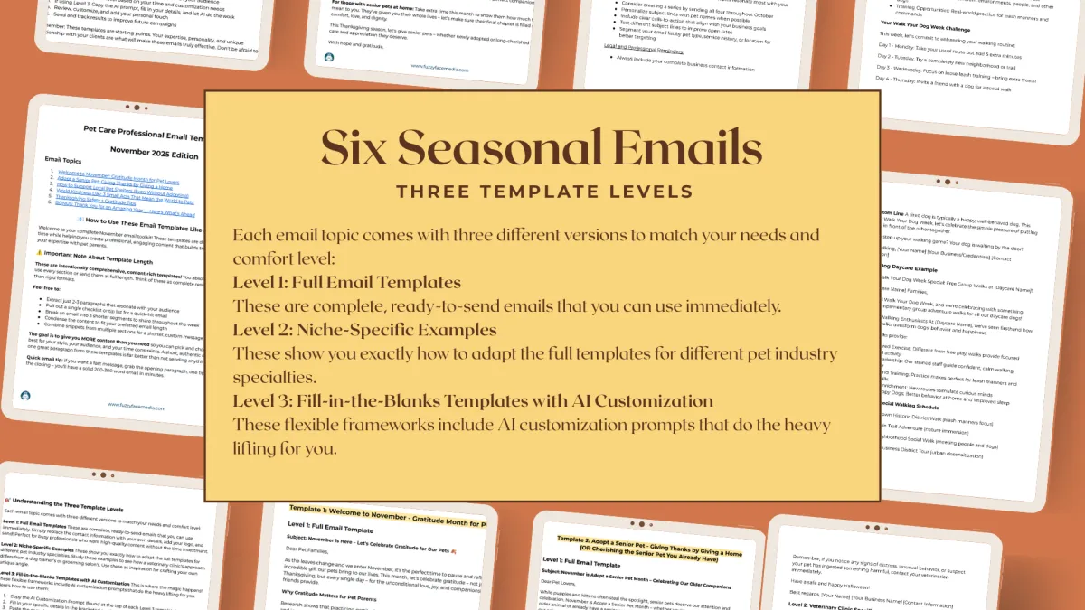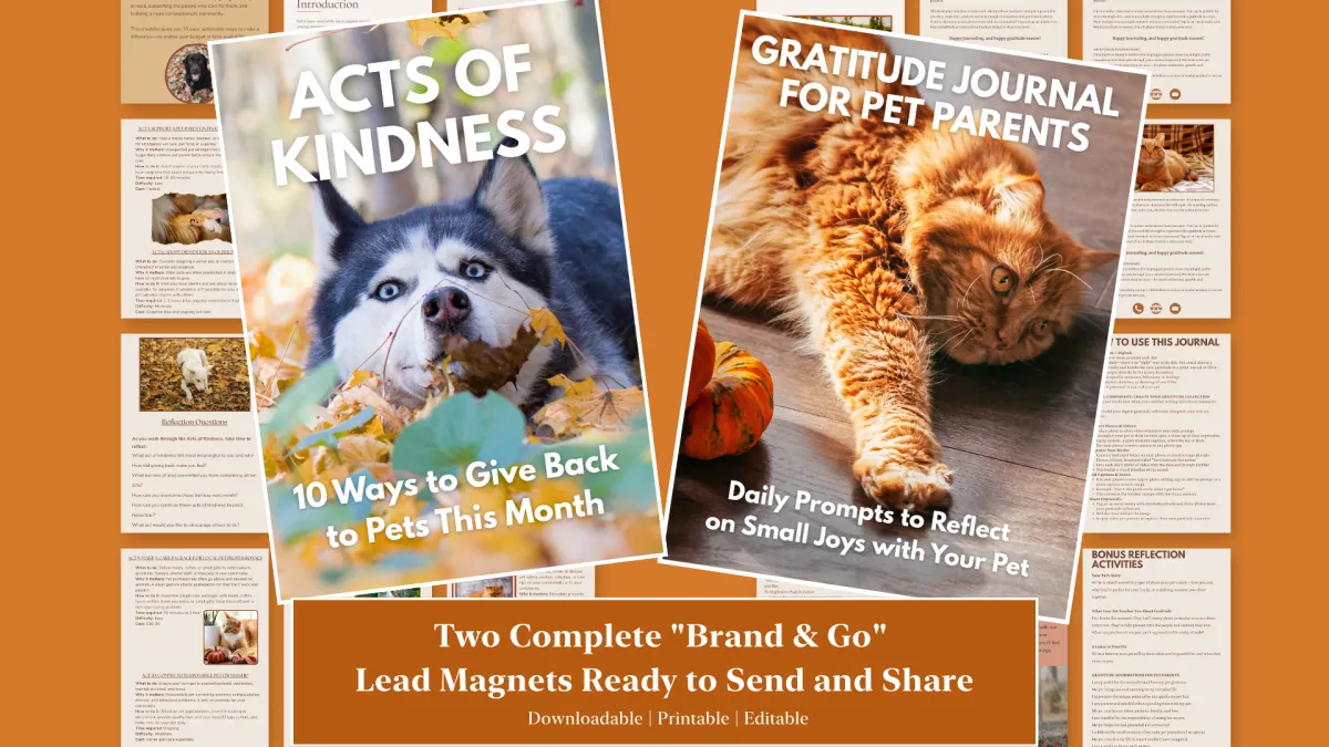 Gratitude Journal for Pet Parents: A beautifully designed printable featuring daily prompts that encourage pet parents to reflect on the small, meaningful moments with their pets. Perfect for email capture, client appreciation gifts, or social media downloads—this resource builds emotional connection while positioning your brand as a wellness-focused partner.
--
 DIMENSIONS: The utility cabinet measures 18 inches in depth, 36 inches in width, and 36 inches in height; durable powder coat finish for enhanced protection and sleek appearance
* * *
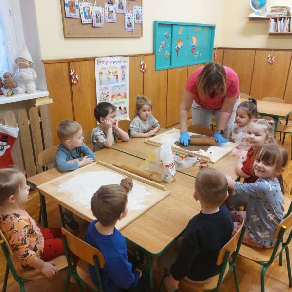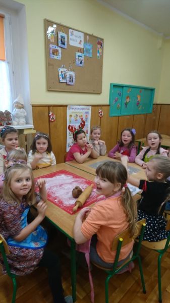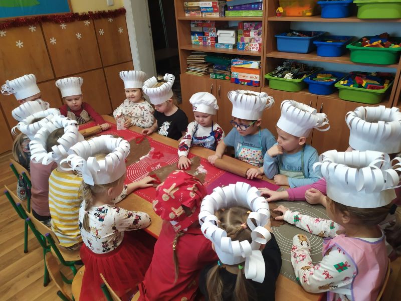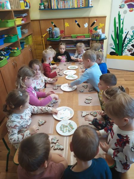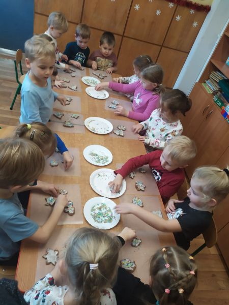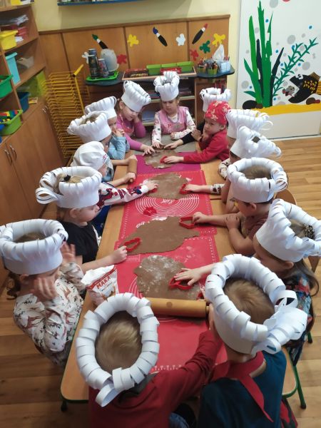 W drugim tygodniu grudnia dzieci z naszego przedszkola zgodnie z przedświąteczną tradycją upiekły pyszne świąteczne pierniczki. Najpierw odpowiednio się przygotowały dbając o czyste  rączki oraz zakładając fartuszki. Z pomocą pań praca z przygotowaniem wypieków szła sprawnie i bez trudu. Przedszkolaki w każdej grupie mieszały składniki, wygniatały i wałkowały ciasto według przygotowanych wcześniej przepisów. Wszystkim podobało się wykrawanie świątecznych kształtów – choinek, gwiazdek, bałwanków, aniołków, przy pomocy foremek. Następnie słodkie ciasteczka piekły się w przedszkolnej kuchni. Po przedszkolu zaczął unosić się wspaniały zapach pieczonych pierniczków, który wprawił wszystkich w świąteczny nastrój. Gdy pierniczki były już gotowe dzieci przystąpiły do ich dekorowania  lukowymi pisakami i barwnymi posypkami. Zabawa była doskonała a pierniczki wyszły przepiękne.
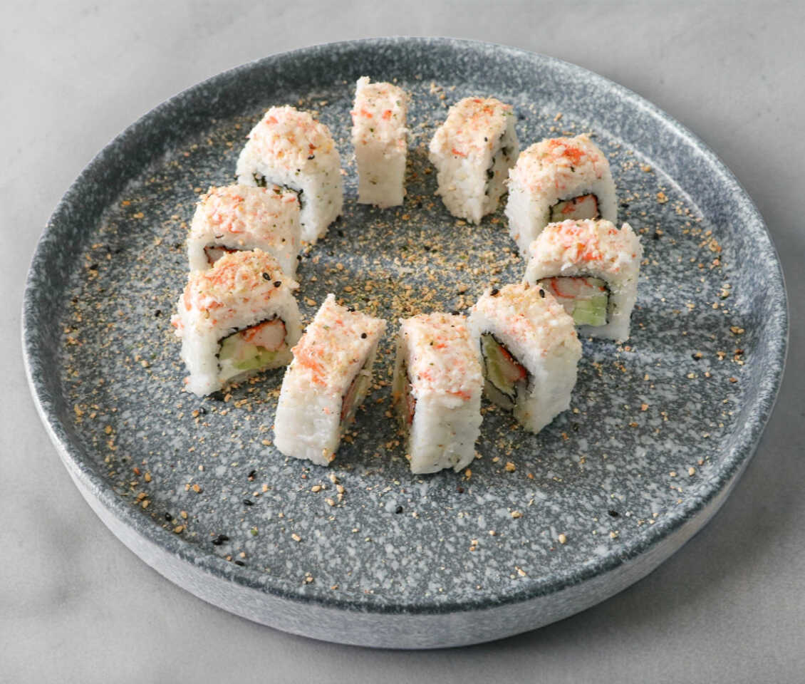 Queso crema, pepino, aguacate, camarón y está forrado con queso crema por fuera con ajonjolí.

*Directions for this task*.
Above are records; write out the lines from the one with "W drugim tygodniu" down to the one with "Queso crema, pepino, aguacate, camarón", exactly, leaving the pictures out.

*Response to the exercise*.
 W drugim tygodniu grudnia dzieci z naszego przedszkola zgodnie z przedświąteczną tradycją upiekły pyszne świąteczne pierniczki. Najpierw odpowiednio się przygotowały dbając o czyste  rączki oraz zakładając fartuszki. Z pomocą pań praca z przygotowaniem wypieków szła sprawnie i bez trudu. Przedszkolaki w każdej grupie mieszały składniki, wygniatały i wałkowały ciasto według przygotowanych wcześniej przepisów. Wszystkim podobało się wykrawanie świątecznych kształtów – choinek, gwiazdek, bałwanków, aniołków, przy pomocy foremek. Następnie słodkie ciasteczka piekły się w przedszkolnej kuchni. Po przedszkolu zaczął unosić się wspaniały zapach pieczonych pierniczków, który wprawił wszystkich w świąteczny nastrój. Gdy pierniczki były już gotowe dzieci przystąpiły do ich dekorowania  lukowymi pisakami i barwnymi posypkami. Zabawa była doskonała a pierniczki wyszły przepiękne.
 Queso crema, pepino, aguacate, camarón y está forrado con queso crema por fuera con ajonjolí.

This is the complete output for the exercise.